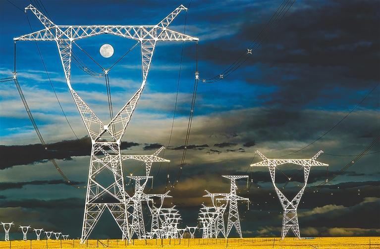 青藏、川藏、藏中、阿里電網聯網,四條“電力天路”點亮西藏千家萬戶。2015年以來, 累計外送電量92億千瓦時。圖為“電力天路”鐵塔。
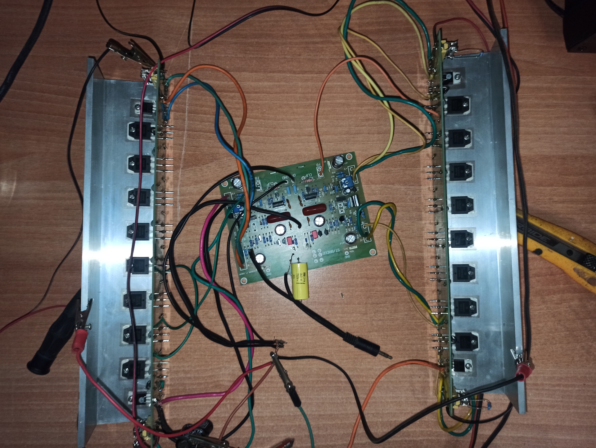 Sziasztok! Nekialltam epiteni ezt az erositot:Bővebben: Link Kulon tortura volt beszerezni a felvezetoket, legalabbis olyanokat, amirol elhittem, hogy eredeti. Kulonosebb kerdesem nincs az ugyhoz, de par naponta teszek fel kepet, hogy all.Osszessegeben draga holmi egy hasonlot osszerakni. Eredeti panel hutobordat nem talaltam, igy azt kivaltottam HQ-sra. A vegtranyoikat Conradtol hozatom, van rola mubizonylat, hogy nem hamis.
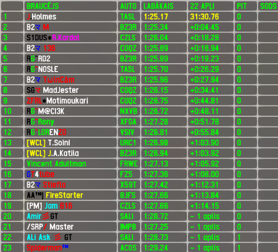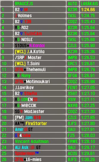 Both most drawn cars Talot and Imprezzive B2 got same amount of draws also for this round,so they stay in lead with 34 draws a piece. With 4 draws BZ30 tied URC1 for 2nd most draws - 32. Additionally there were plenty of best position improvements for cars - the most impressive one was the 1st ever pole position for BZ30 (previous best was 2nd position),while his 2nd place finish was just a repeat. R.Kardol scored the 1st podium finish for CZR,which was also improvement by a single position. 136 improved both qualifying and finishing best results for Coquette - 3rd position in qualifying is 2 positions better than previous best achievement,while his 4th place finish is just one position better. Only 2 drivers have ever driven the XF Garis - Rony improved his own set best results in both sessions,12th position in qualifying is improvement by 2 while 11th position in race is 8 positions better. The league debutant J.Lavrikov received Fend Torus base model for his 1st appearance,his 14th position in qualifying is an improvement by 6 positions. Lorenzo is the only driver who raced a new car and set first achievements for it - 16th in qualifying and 12th in race.

Work request: Exclude the pictures and give back the rest of the data above exactly as written.

Finished task:
 青藏、川藏、藏中、阿里電網聯網,四條“電力天路”點亮西藏千家萬戶。2015年以來, 累計外送電量92億千瓦時。圖為“電力天路”鐵塔。
 Sziasztok! Nekialltam epiteni ezt az erositot:Bővebben: Link Kulon tortura volt beszerezni a felvezetoket, legalabbis olyanokat, amirol elhittem, hogy eredeti. Kulonosebb kerdesem nincs az ugyhoz, de par naponta teszek fel kepet, hogy all.Osszessegeben draga holmi egy hasonlot osszerakni. Eredeti panel hutobordat nem talaltam, igy azt kivaltottam HQ-sra. A vegtranyoikat Conradtol hozatom, van rola mubizonylat, hogy nem hamis.
 Both most drawn cars Talot and Imprezzive B2 got same amount of draws also for this round,so they stay in lead with 34 draws a piece. With 4 draws BZ30 tied URC1 for 2nd most draws - 32. Additionally there were plenty of best position improvements for cars - the most impressive one was the 1st ever pole position for BZ30 (previous best was 2nd position),while his 2nd place finish was just a repeat. R.Kardol scored the 1st podium finish for CZR,which was also improvement by a single position. 136 improved both qualifying and finishing best results for Coquette - 3rd position in qualifying is 2 positions better than previous best achievement,while his 4th place finish is just one position better. Only 2 drivers have ever driven the XF Garis - Rony improved his own set best results in both sessions,12th position in qualifying is improvement by 2 while 11th position in race is 8 positions better. The league debutant J.Lavrikov received Fend Torus base model for his 1st appearance,his 14th position in qualifying is an improvement by 6 positions. Lorenzo is the only driver who raced a new car and set first achievements for it - 16th in qualifying and 12th in race.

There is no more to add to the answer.